Aim of the task: Quote the lines below from the one containing "백지훈은 멤버들이 볼" to the final line, both ends included; exclude the pictures.

The data:
☆ ☆ ☆ ☆

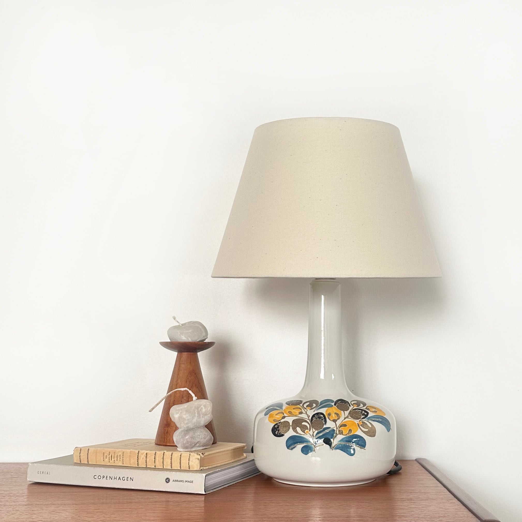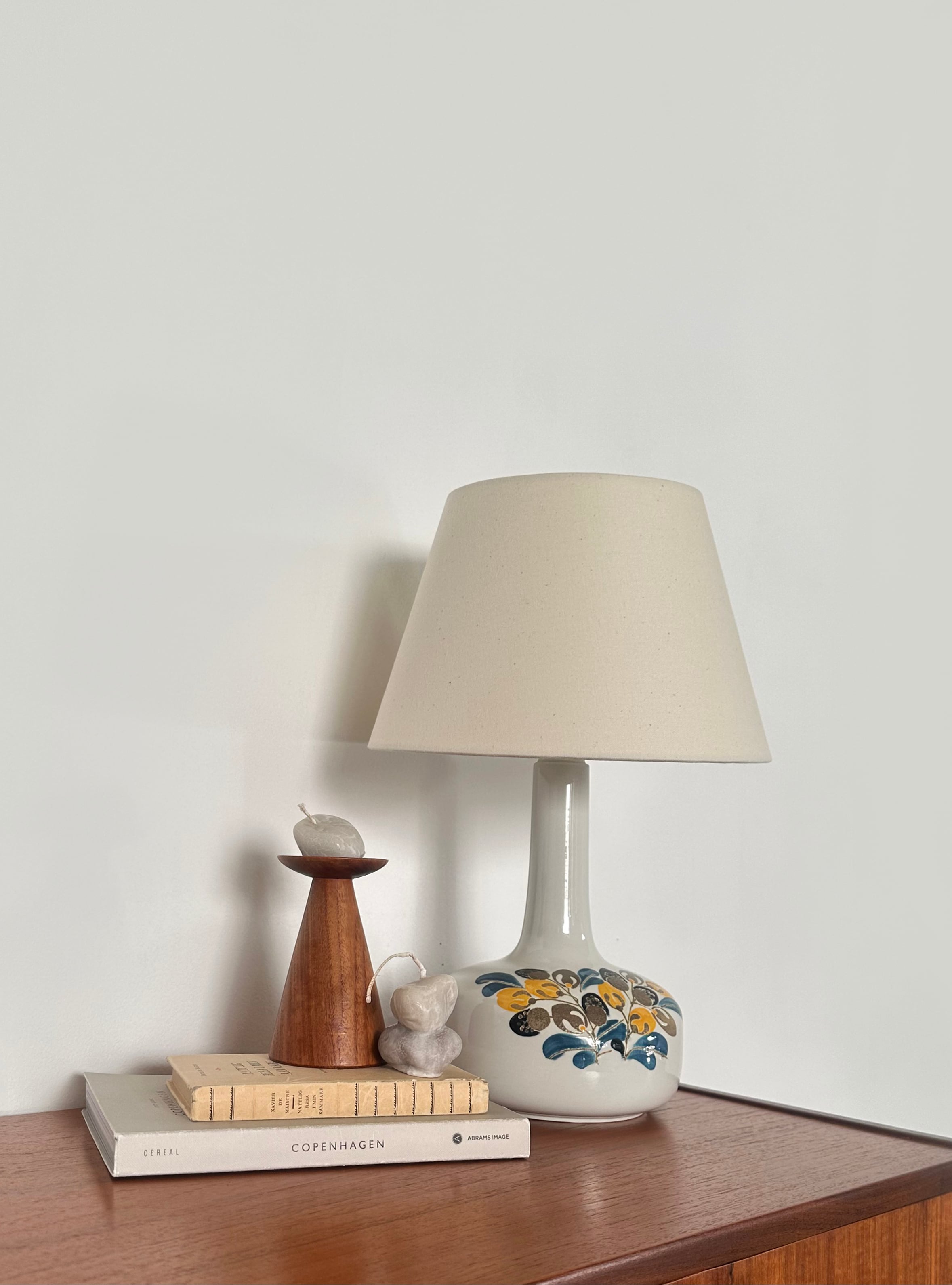 1960年代にデンマークの名窯 Royal Copenhagen(ロイヤルコペンハーゲン) にて作られた、テーブルランプ “Siena(シエナ)”。1965年から1988年にかけて同窯で活躍したデザイナー Ellen Malmer(エレン・マルマー) によって生み出されました。
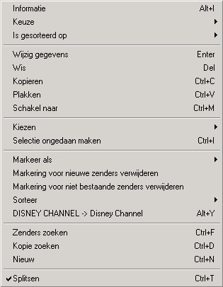 Het hoofmenu van de zenderlijst
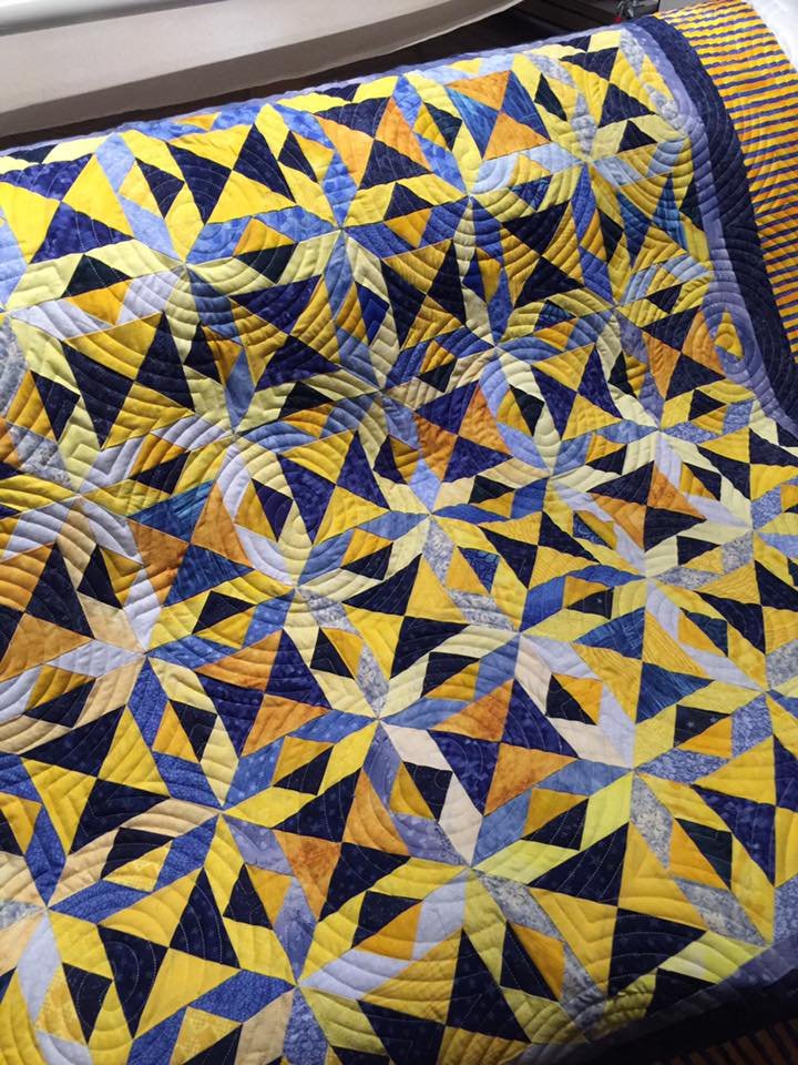 I made this quilt top in 2005. It was made with blue and yellow scraps from my own scrap bag, as well as scraps from fellow quilters, and a few fat quarters. I paper-pieced it from a pattern from Anita Grossman Solomon. I FINALLY got around to quilting it because I recently bought a long arm machine, and started with all my old UFO's. I named the quilt after a song by The Judds.
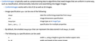 - ConformImages is typically used as a preprocessing step to algorithms that need images that are uniform in some way, such as classification, dimensionality reduction and assembling into bigger images.
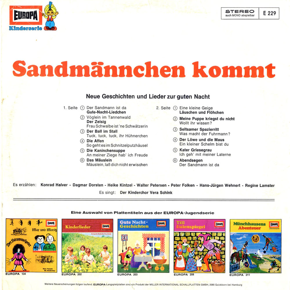 Gute Nacht-Liedchen (Gedicht) Der Zeisig (Gedicht) Der Ball im Stall (Gedicht) Die Affen (Gedicht) Die Kaninchensuppe (Märchen) Das Mäuslein (Gedicht) Läuschen und Flöhchen (Märchen) Meine Puppe kriegst du nicht (Gedicht) Seltsamer Spazierritt (Märchen) Der Löwe und die Maus (Märchen) Kater Griesegrau (Gedicht) Abendsegen (Gedicht)
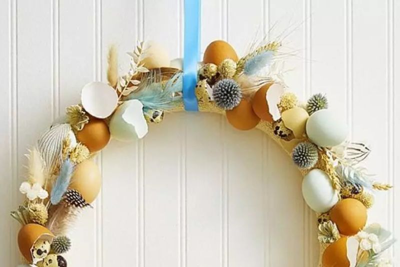 După ce ați terminat coronița, e timpul să vedeți cum vreți să o decorați. Se lipesc apoi cojile de ouă, mai mari sau mai mici, pe care le puteți colora cu tempera sau cu vopsea de ouă. Pe lângă coji de ouă puteți folosi orice vă inspiră: staniol, hârtie creponată, fragmente din globurile care poate s-au mai spart la Crăciun, năsturași, podoabe pe care le mai aveți în casă, absolut orice, totul este să fie cât mai ușor, să cântărească foarte puțin. Și aici vă puteți lăsa imaginația în voie. Important este să fie lipite toate cât mai aproape unele de altele, pentru ca toată suprafața coroanei să fie acoperită. Lăsați puțin loc unde veți lega panglica de care o veți agăța pe ușă, la geam sau chiar pe perete.
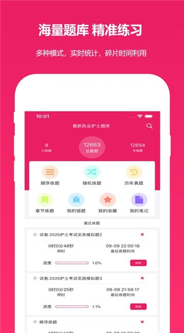海量题库,精准练习,多种模式,实时统计,碎片时间利用
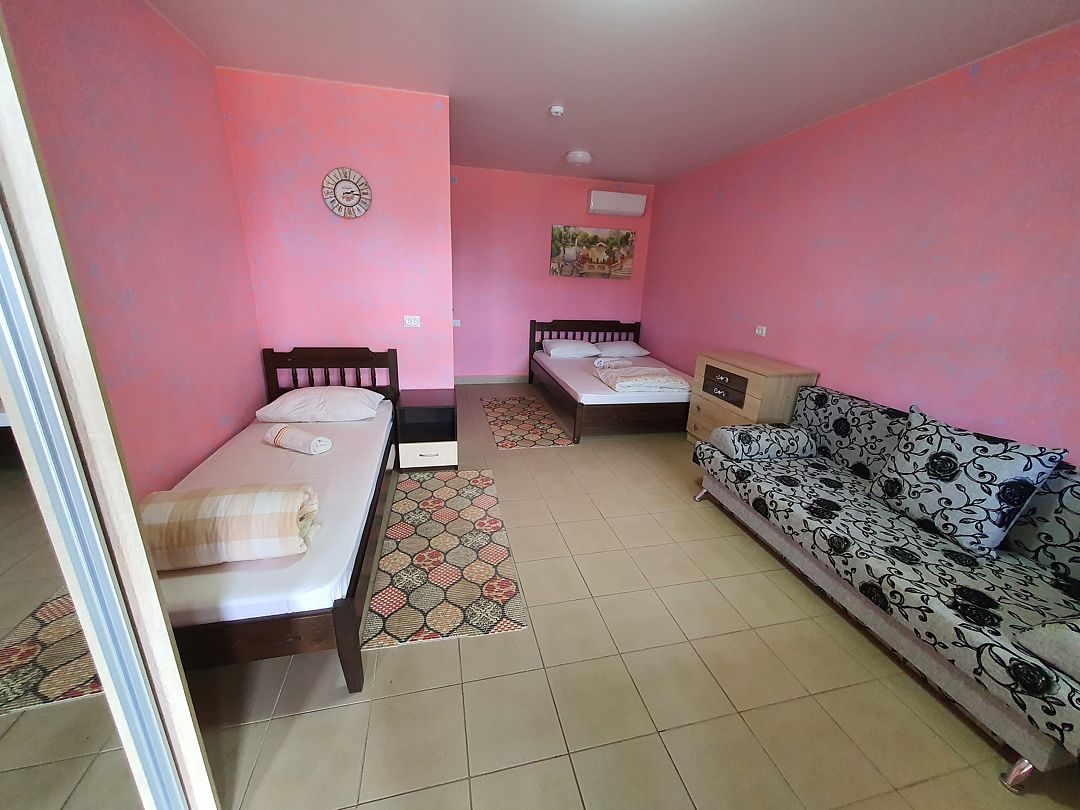 Семейный отдыхДостоинстваНомер довольно чистый. На кухне можно готовить самостоятельно, хотя хозяйка тоже предлагала гостям обеды. В паре метров пляж, небольшой, но места всем хватало.
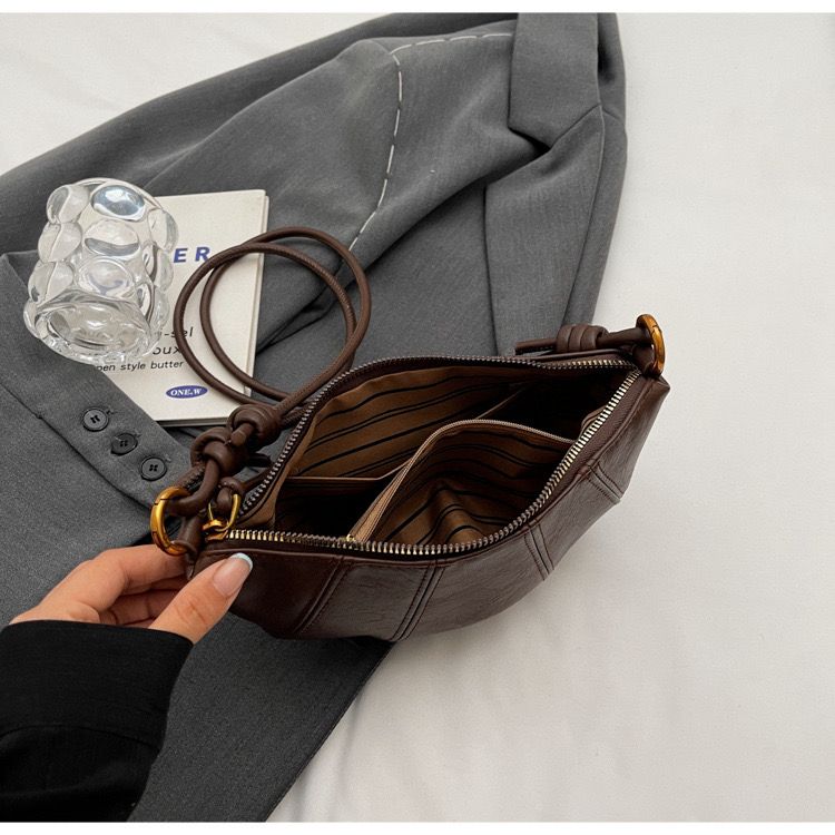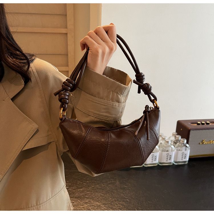 Warm, minimal, and quietly iconic — Cocoa Knot is your grab-and-go essential with high-style undertones. Wrapped in a velvety mocha tone and finished with a sculptural knotted handle, this mini bag delivers effortless cool in a cozy package. Compact but never compromising, it tucks right under your arm while still packing enough personality to turn heads.
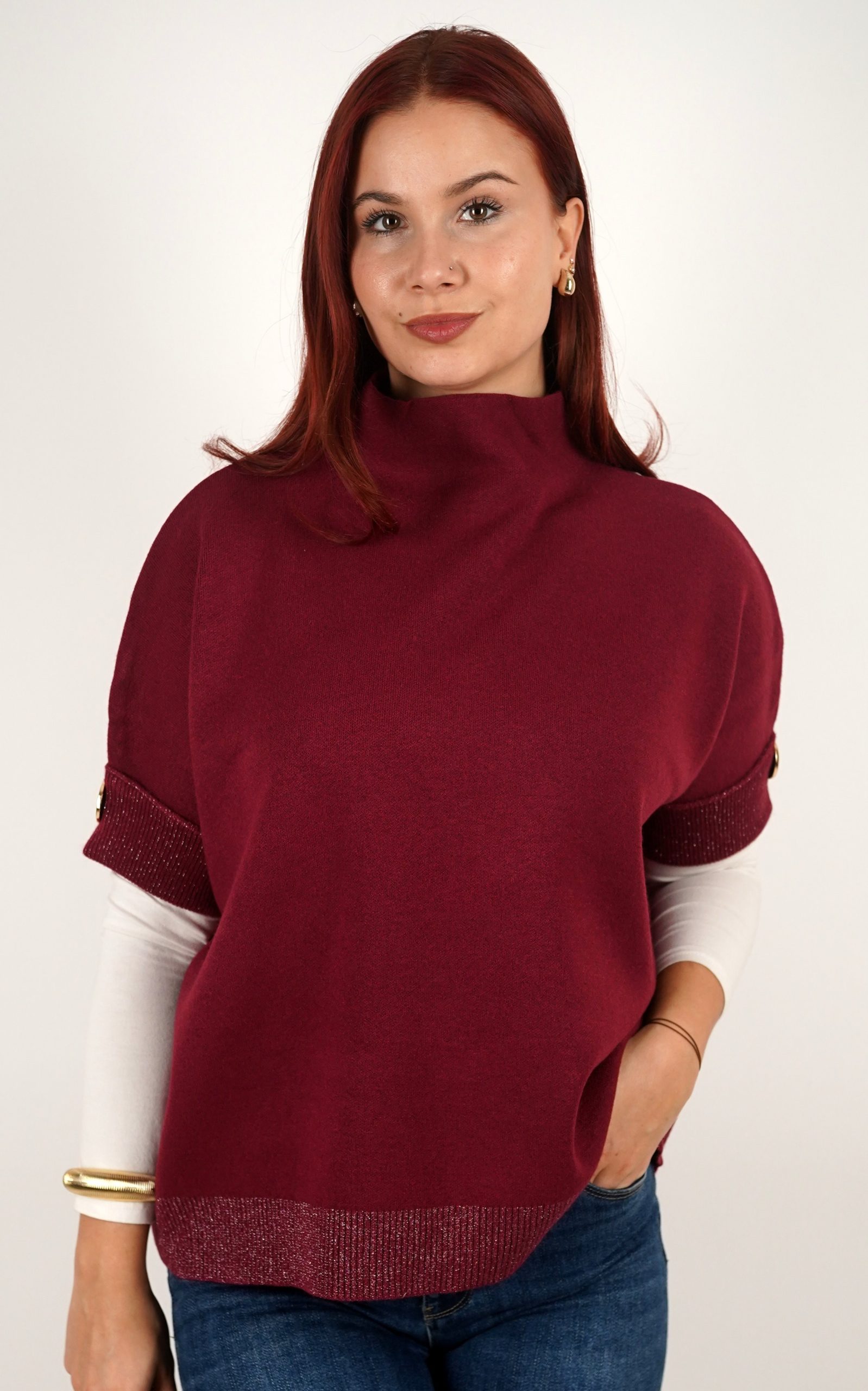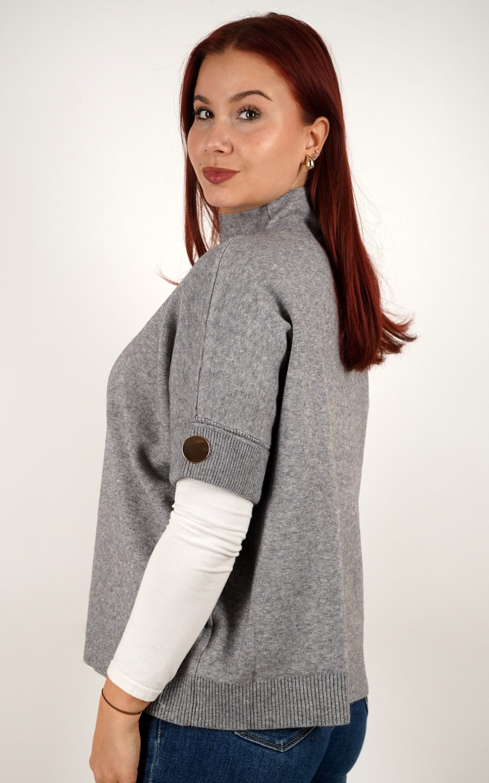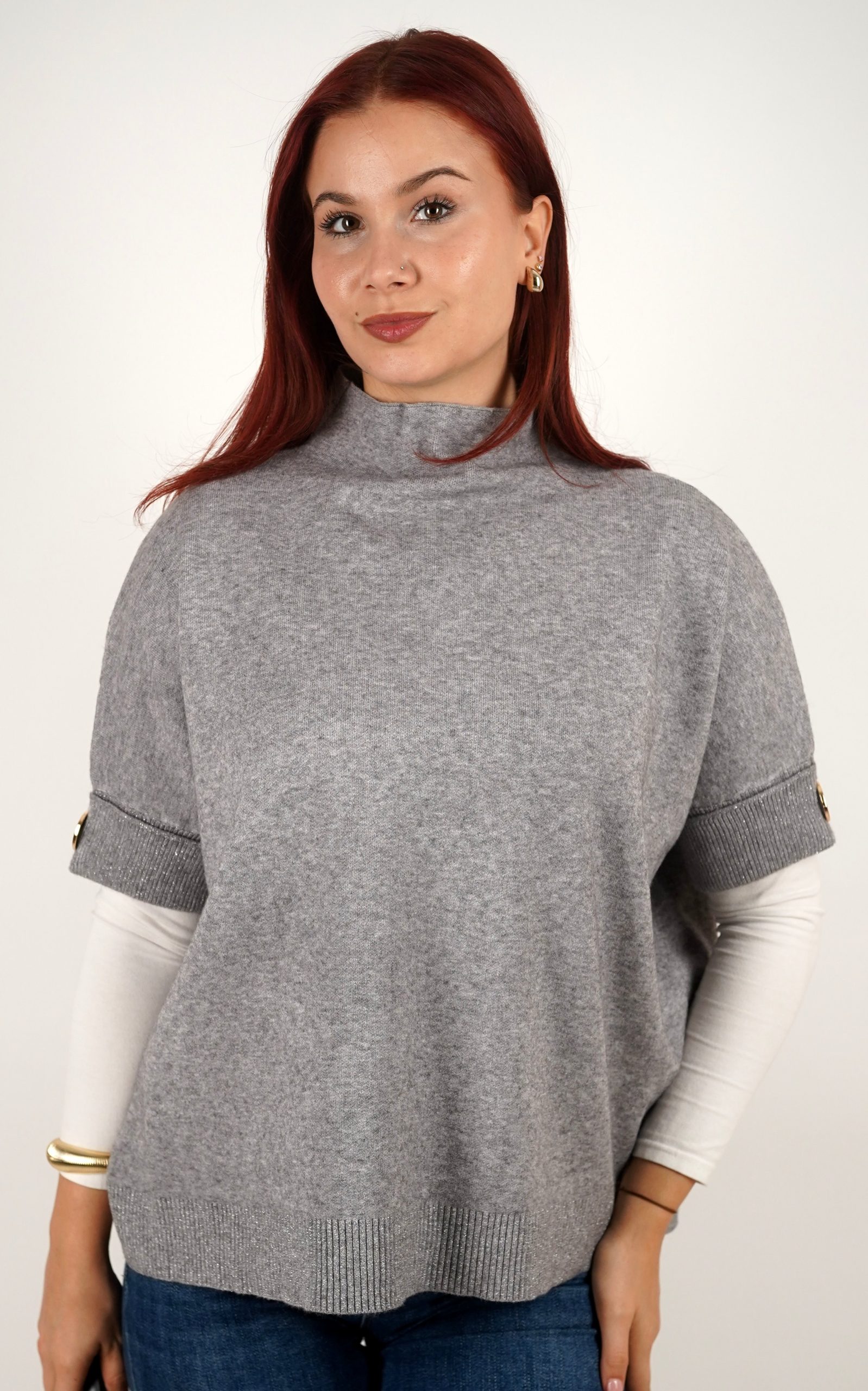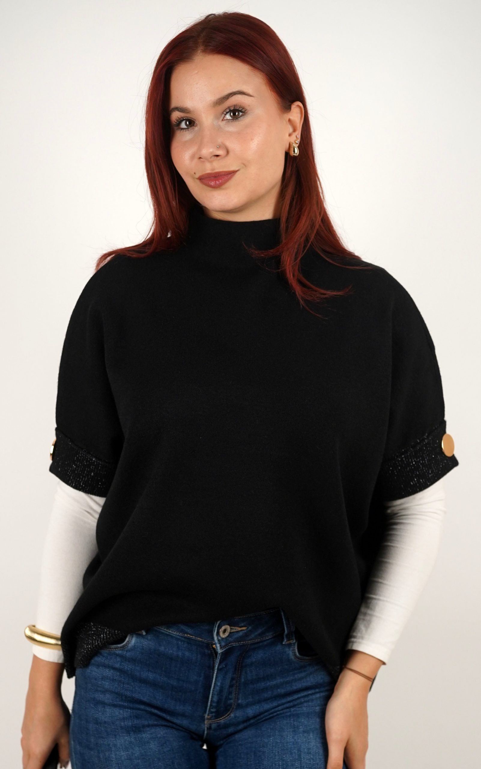 Ženska majica od mekanog pletiva s kratkim rukavima i ukrasnim gumbima – u veličinama – 3970
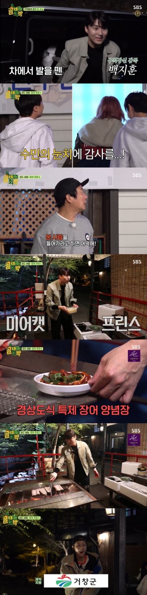백지훈은 멤버들이 볼 수 없는 사각지대에서 열심히 장어를 굽고 있었다. 하지만 눈치 빠른 차수민이 이를 눈치챘고, "언니 우리 들어가자"라며 아무것도 눈치채지 못한 송해나를 이끌고 숙소로 들어갔다. 이에 이진호는 "그래. 수민아. 들어가 있어"라며 고마운 눈빛을 보냈다. 하지만 이수근이 "눈치챈 애를 들여보내면 어떡해. 다 말하면 어쩌려고"라며 말하자 다시 애타게 차수민의 이름을 외쳐 대 웃음을 안겼다.
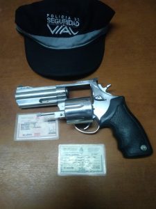 Con la presencia de testigos se verificó el contenido del vehículo, encontrándose un revolver, se procedió al secuestro del arma y la credencial vencida.
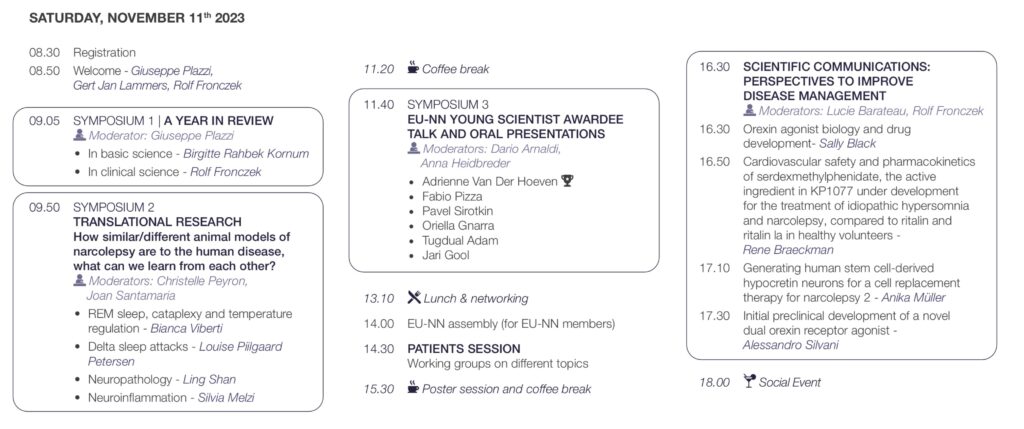 Sobotnie wykłady prowadzone były w sposób dynamiczny, ich tematyka obejmowała szeroki zakres związany z obecnymi osiągnięciami naukowymi w dziedzinie narkolepsji. Szczegółowy program zamieszczony poniżej:

☆ ☆ ☆ ☆

Reply to the exercise:
백지훈은 멤버들이 볼 수 없는 사각지대에서 열심히 장어를 굽고 있었다. 하지만 눈치 빠른 차수민이 이를 눈치챘고, "언니 우리 들어가자"라며 아무것도 눈치채지 못한 송해나를 이끌고 숙소로 들어갔다. 이에 이진호는 "그래. 수민아. 들어가 있어"라며 고마운 눈빛을 보냈다. 하지만 이수근이 "눈치챈 애를 들여보내면 어떡해. 다 말하면 어쩌려고"라며 말하자 다시 애타게 차수민의 이름을 외쳐 대 웃음을 안겼다.
 Con la presencia de testigos se verificó el contenido del vehículo, encontrándose un revolver, se procedió al secuestro del arma y la credencial vencida.
 Sobotnie wykłady prowadzone były w sposób dynamiczny, ich tematyka obejmowała szeroki zakres związany z obecnymi osiągnięciami naukowymi w dziedzinie narkolepsji. Szczegółowy program zamieszczony poniżej:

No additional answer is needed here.